Top of Task inputs

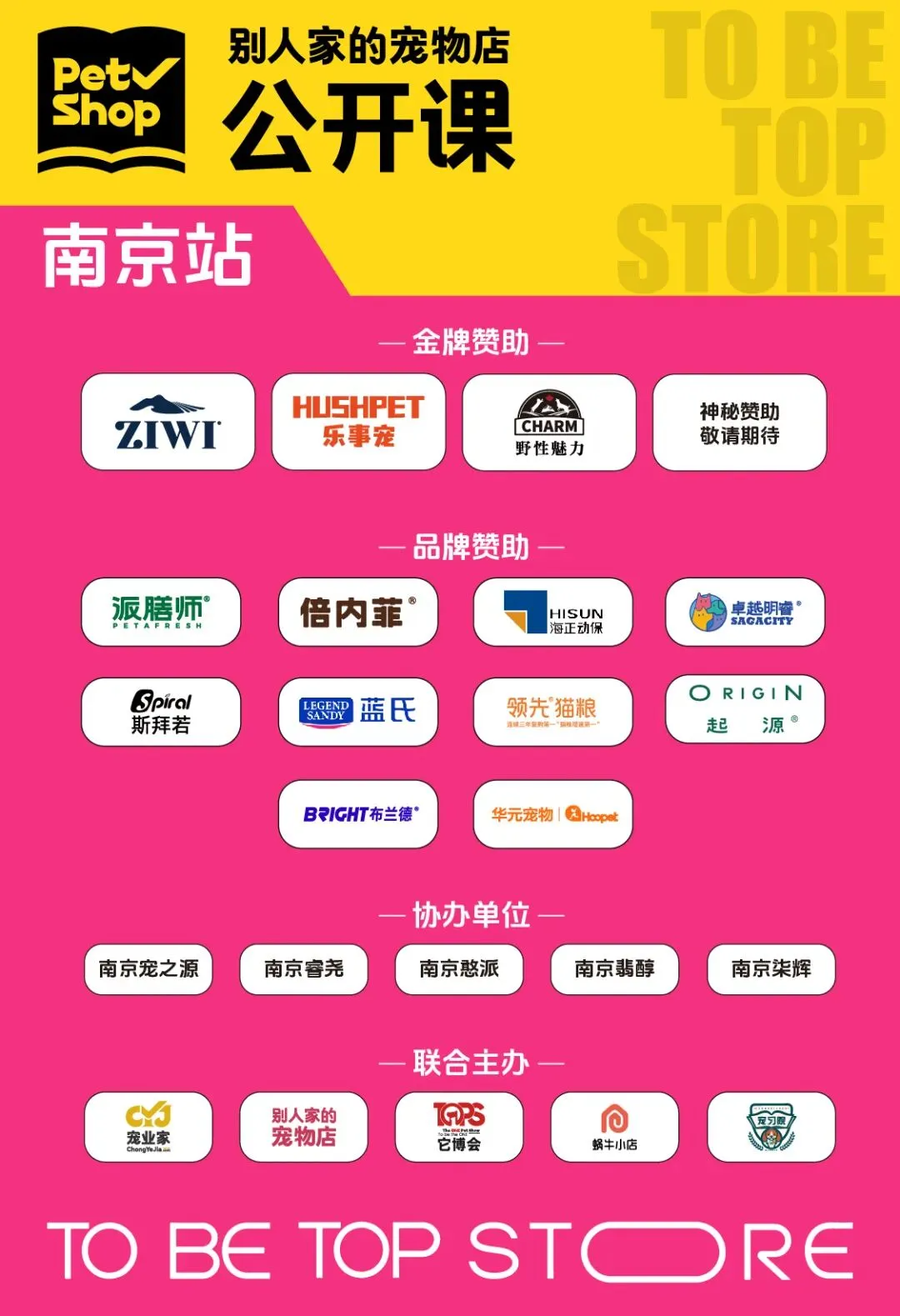 本次南京站公开课特别感谢本地经销商、代理商鼎力协办,携手打造高质量宠业交流学习平台;同时感谢ZIWI巅峰、乐事宠、野性魅力、派膳师、倍内菲、斯拜若、领先、卓越明睿、布兰德、华元宠物、蓝氏、海正动保、起源等品牌的联合赞助!
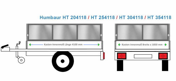 Anhängeraufbau für den Anhängertyp Humbaur HT 204118 als Blech-Bordwand Ausführung.
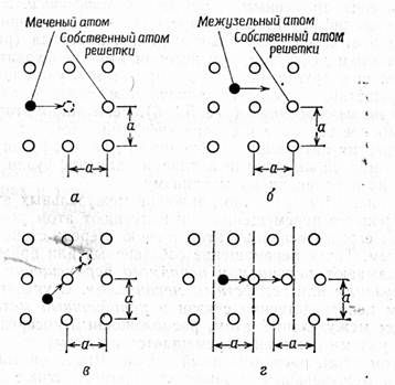 На рис. 3.1, показано движение межузельных атомов, когда в процессе перемещения они вытесняют атом решетки и замещают его; вытесненный атом в свою очередь становится межузельным. Такое перемещение собственных или примесных атомов называют механизмом непрямого перемещения атомов по междоузлиям или эстафетным механизмом. С указанным механизмом непосредственно связан и краудионный механизм, при котором межузельный атом, расположенный посередине между двумя узлами решетки, перемещается к одному из них, смещая при этом атом, расположенный в узле. Вытесненный атом становится межузельным и занимает промежуточное положение решетке (рис. 3.1,г).
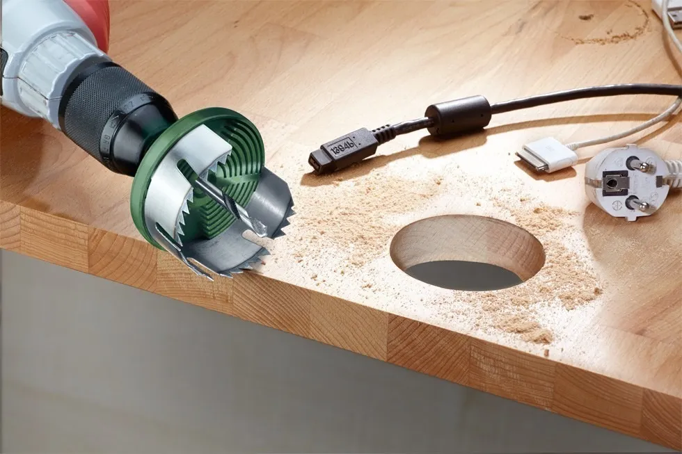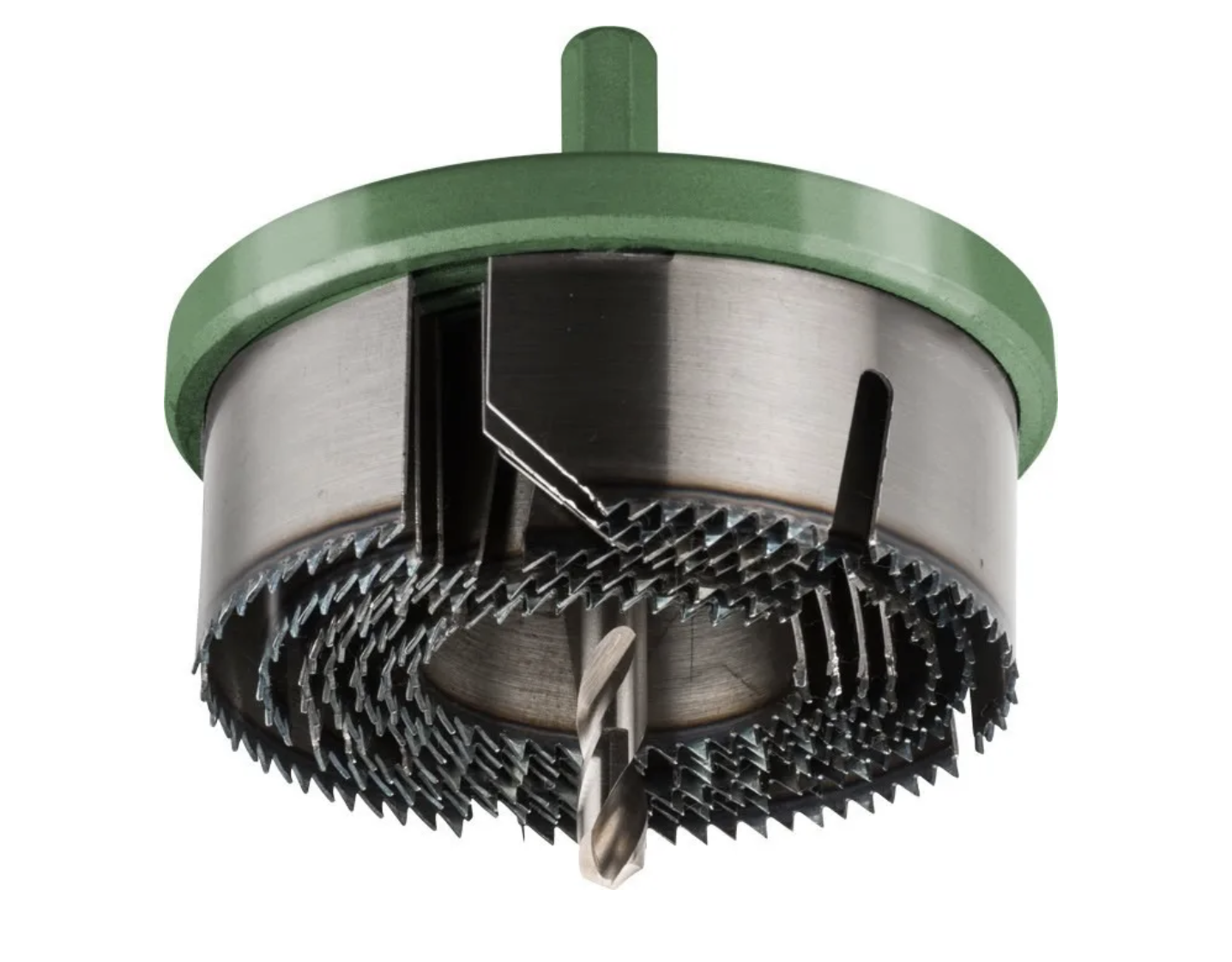 Sierra de corona, 8 piezas, plato de apoyo de zinc colado a presión, coronas de acero templado para muelles, puntas de los dientes templadas por inducción, para el uso en madera, maderas revestidas de plástico, madera dura, planchas de conglomerado, planchas de yeso encartonado, placas de construcción ligera, plástico y cobre.
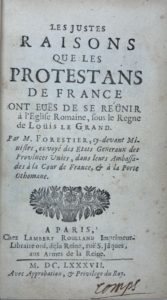 FORESTIER. Apologie pour les réunis ; ou les justes raisons que les protestans de France ont eues de se réunir à l'Eglise romaine sous le Règne de Louis Le Grand. Paris, Lambert, 1687. Petit in- 8 maroquin rouge de l'époque, dos à nerfs orné...
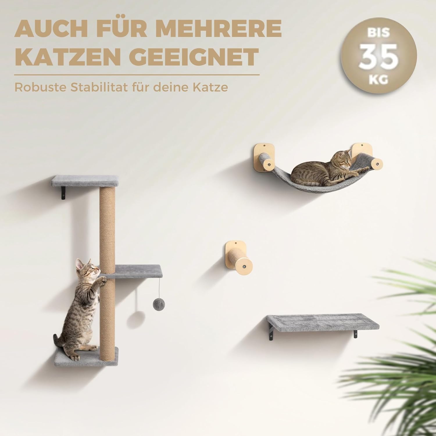 - 🐾 SICHER & STABIL – Die Katzen Wand Klettern gibt Vertrauen. Robuste Holzplatten, Sisal-Kratzstamm und starke Halterungen tragen bis 35 kg. Auch für grosse Katzen bestens geeignet.
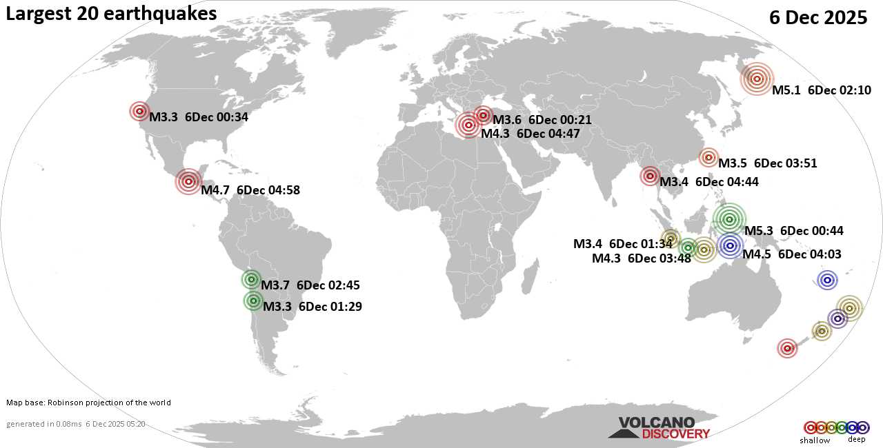 Землетрясения сегодня на карте: последние сильные землетрясения, 6 декабря 2025 года
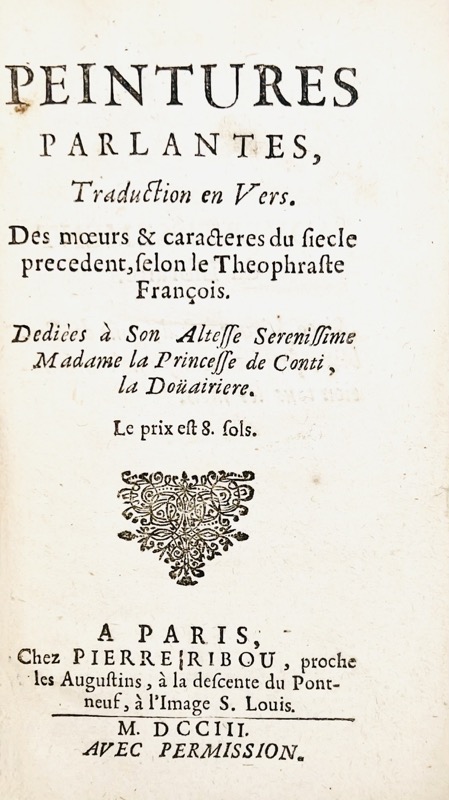 Peintures parlantes. Traduction en vers des moeurs et caractères du siècle précédent, selon le Théophraste françois.
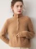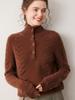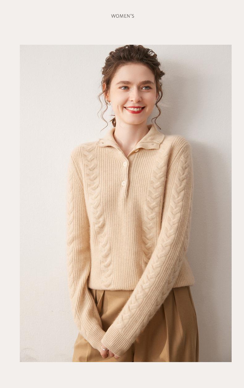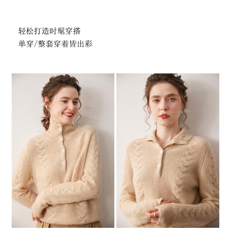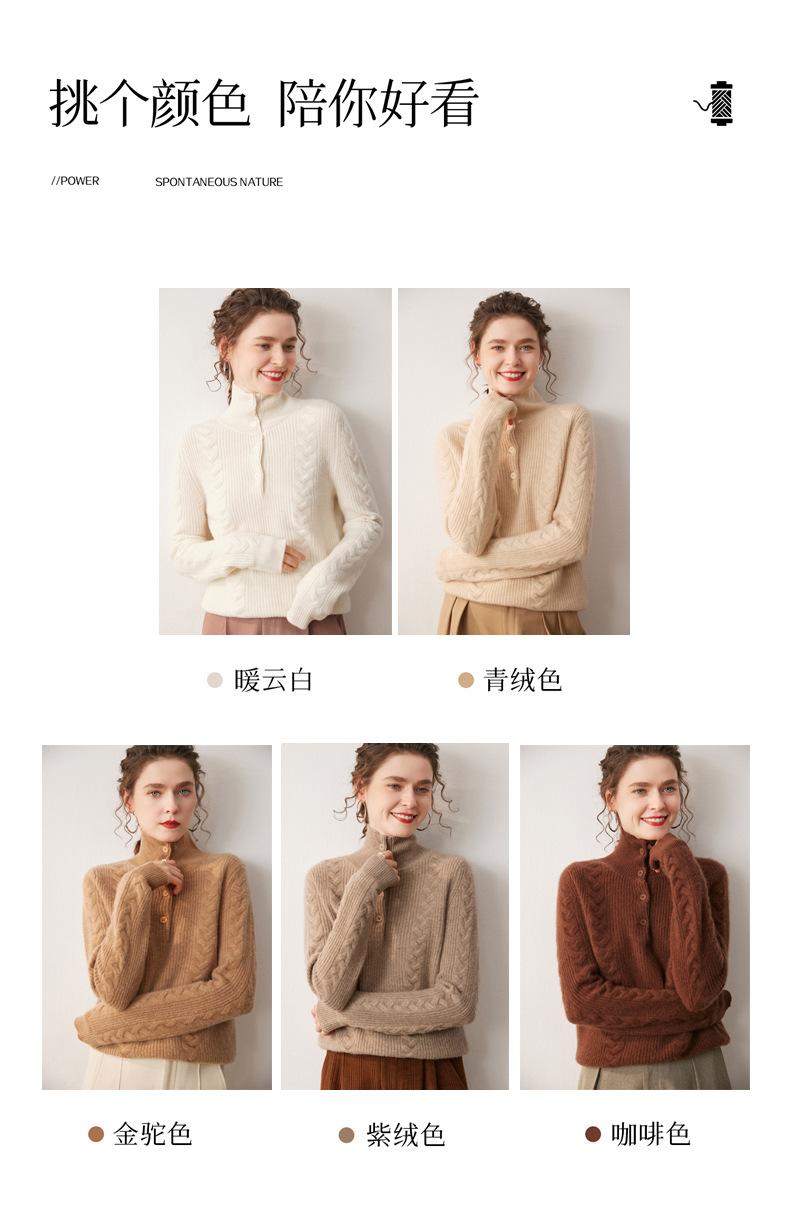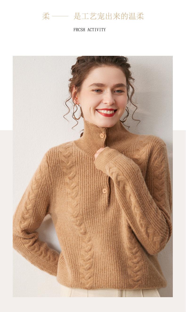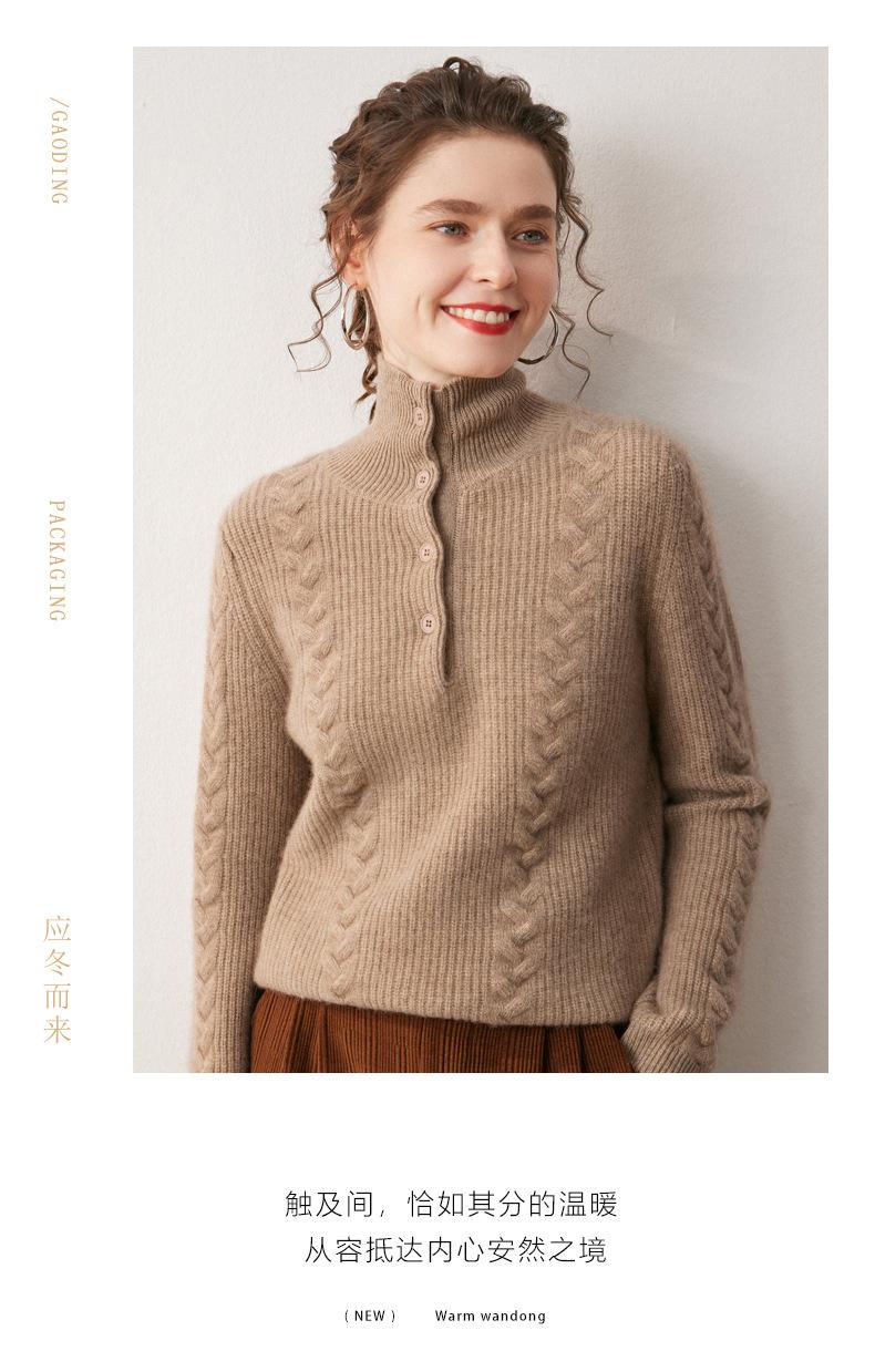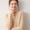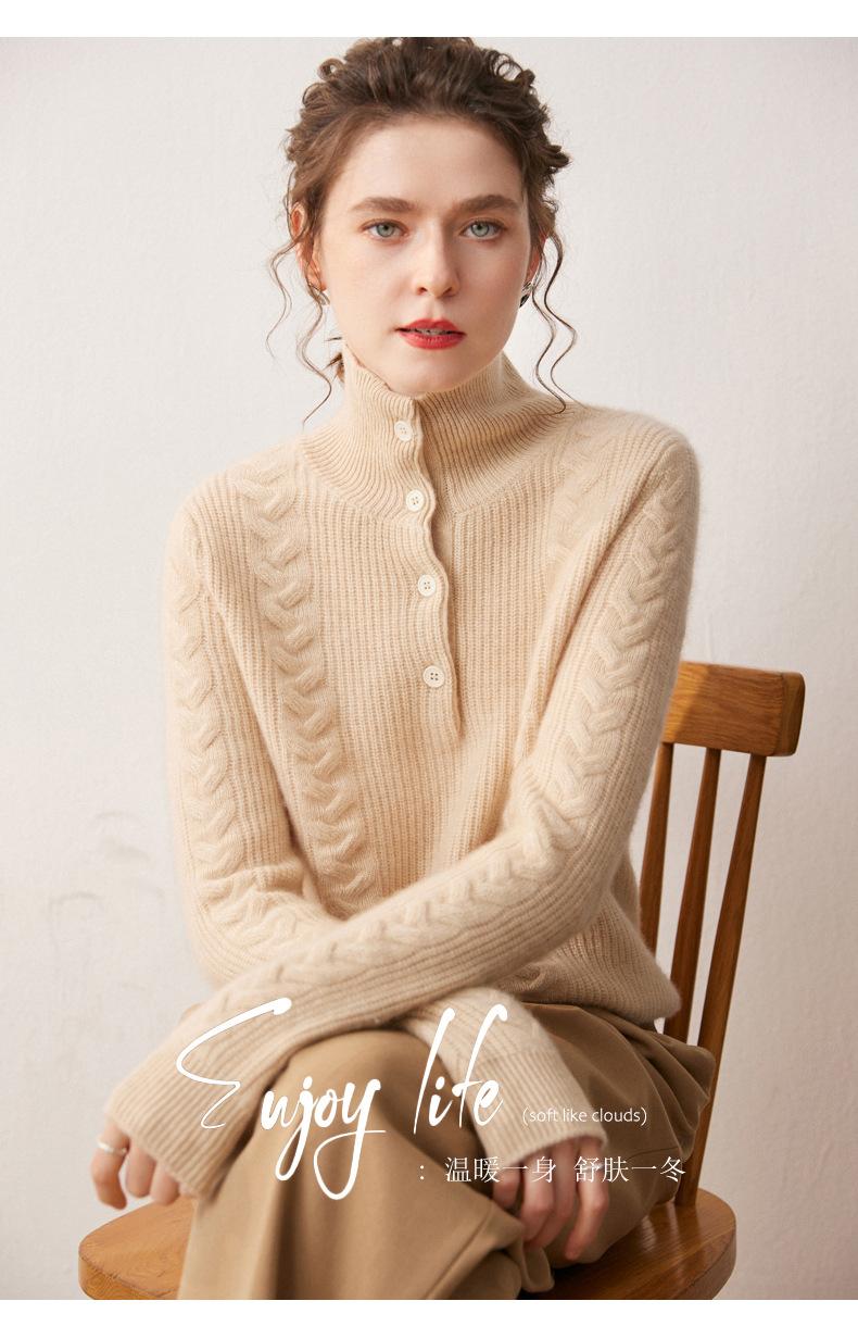 Nueva Camiseta Base de Punto de Cachemira de Otoño e Invierno Holgada Adelgazante para Mujer Cuello Alto Punto de Cable Manga Larga Jersey Moda Femenina

Bottom of Task inputs

Aim of the task:
Apart from the pictures, return every entry above exactly as given.

Result below:
 本次南京站公开课特别感谢本地经销商、代理商鼎力协办,携手打造高质量宠业交流学习平台;同时感谢ZIWI巅峰、乐事宠、野性魅力、派膳师、倍内菲、斯拜若、领先、卓越明睿、布兰德、华元宠物、蓝氏、海正动保、起源等品牌的联合赞助!
 Anhängeraufbau für den Anhängertyp Humbaur HT 204118 als Blech-Bordwand Ausführung.
 На рис. 3.1, показано движение межузельных атомов, когда в процессе перемещения они вытесняют атом решетки и замещают его; вытесненный атом в свою очередь становится межузельным. Такое перемещение собственных или примесных атомов называют механизмом непрямого перемещения атомов по междоузлиям или эстафетным механизмом. С указанным механизмом непосредственно связан и краудионный механизм, при котором межузельный атом, расположенный посередине между двумя узлами решетки, перемещается к одному из них, смещая при этом атом, расположенный в узле. Вытесненный атом становится межузельным и занимает промежуточное положение решетке (рис. 3.1,г).
 Sierra de corona, 8 piezas, plato de apoyo de zinc colado a presión, coronas de acero templado para muelles, puntas de los dientes templadas por inducción, para el uso en madera, maderas revestidas de plástico, madera dura, planchas de conglomerado, planchas de yeso encartonado, placas de construcción ligera, plástico y cobre.
 FORESTIER. Apologie pour les réunis ; ou les justes raisons que les protestans de France ont eues de se réunir à l'Eglise romaine sous le Règne de Louis Le Grand. Paris, Lambert, 1687. Petit in- 8 maroquin rouge de l'époque, dos à nerfs orné...
 - 🐾 SICHER & STABIL – Die Katzen Wand Klettern gibt Vertrauen. Robuste Holzplatten, Sisal-Kratzstamm und starke Halterungen tragen bis 35 kg. Auch für grosse Katzen bestens geeignet.
 Землетрясения сегодня на карте: последние сильные землетрясения, 6 декабря 2025 года
 Peintures parlantes. Traduction en vers des moeurs et caractères du siècle précédent, selon le Théophraste françois.
 Nueva Camiseta Base de Punto de Cachemira de Otoño e Invierno Holgada Adelgazante para Mujer Cuello Alto Punto de Cable Manga Larga Jersey Moda Femenina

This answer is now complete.